- 1 1/4 cups all-purpose flour
- 1/4 cup plus 1 tablespoon unsweeetened cocoa powder
- 1 teaspoon baking soda
- 1/2 teaspoon baking powder
- Pinch of salt
- 1/3 cup light brown sugar
- 2 tablepoons unsalted butter, softened
- 1 large egg
- 1/2 cup light corn syrup
- 1/4 cup unsweetened applesauce
- 1 teaspoon pure vanilla extract
- 1 cup low-fat (1.5%) buttermilk
- 1 cup granulated sugar
- 1 large egg white
- Pinch of salt
- 1/2 teaspoon pure vanilla extract
- Preheat the oven to 350°. Line a 12-cup muffin tin with paper liners. In a bowl, sift together the flour, cocoa, baking soda, baking powder and salt.
- In another bowl, cream the brown sugar and butter. Beat in the egg until incorporated. Add the corn syrup, applesauce and vanilla and beat well. Add the dry ingredients in 3 batches, alternating with the buttermilk and mix just until blended.

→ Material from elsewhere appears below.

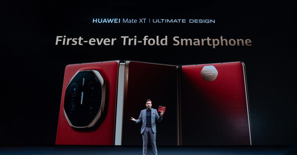 На представянето на иновативните продукти на HUAWEI в Куала Лумпур (Малайзия) бе показан HUAWEI Mate XT | ULTIMATE DESIGN –първият в света тройно сгъваем смартфон за масовия пазар.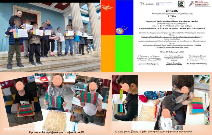28/2/2025-Βραβείο στους μαθητές/τριες της Γ' τάξης για την περσυνή συμμετοχή τους στον 11ο Διεθνή Μαθητικό Διαγωνισμό «Δημιουργώντας τα δικά μας παιχνίδια: Από το χθες στο σήμερα». Τα παιδιά μας απέσπασαν το βραβείο με το έργο τους που υπέβαλλαν πέρυσι στον διαγωνισμό. Κατασκεύασαν ένα παιχνίδι "κρεβατή- αργαλειό" όπου έφτιαξαν τα δικά τους υφαντά αναβιώνοντας έτσι την τέχνη του αργαλειού και το παιχνίδι με το οποίο απασχολούσαν δημιουργικά τα παιδιά τους οι γυναίκες παλιά. Ο διαγωνισμός, που συνδιοργάνωσαν το Μουσείο Σχολικής Ζωής και Εκπαίδευσης και το Τμήμα Εκπαιδευτικής Ραδιοτηλεόρασης του Υπουργείου Παιδείας, είχε στόχο να αναδείξει την ιστορία του παιχνιδιού και να δώσει την ευκαιρία στους μαθητές να αναπτύξουν τη δημιουργικότητα τους κατασκευάζοντας παλιά και σύγχρονα παιχνίδια.

- Spoon the batter into the muffin cups. Bake for about 18 minutes, or until a cake tester inserted in the center comes out clean. Let cool.
- In a small saucepan, combine the sugar with 1/2 cup of water. Bring to a boil and cook until the syrup reaches 240° on a candy thermometer.
- Meanwhile, using a standing mixer or handheld electric mixer, beat the egg white with the salt until foamy. While beating, add the hot syrup in a thin steady stream. Add the vanilla and beat until the icing is thickened and cooled. Spread the icing on the cupcakes; let stand for up to 1 hour to allow the icing to set.
The cupcakes can be frozen for 1 month or kept in an airtight container for 2 days.
One Cupcake: Calories 216 kcal, Protein 3 gm, Carbohydrate 46 gm, Cholesterol 24 mg, Total Fat 3 gm, Saturated Fat 1.7 gm.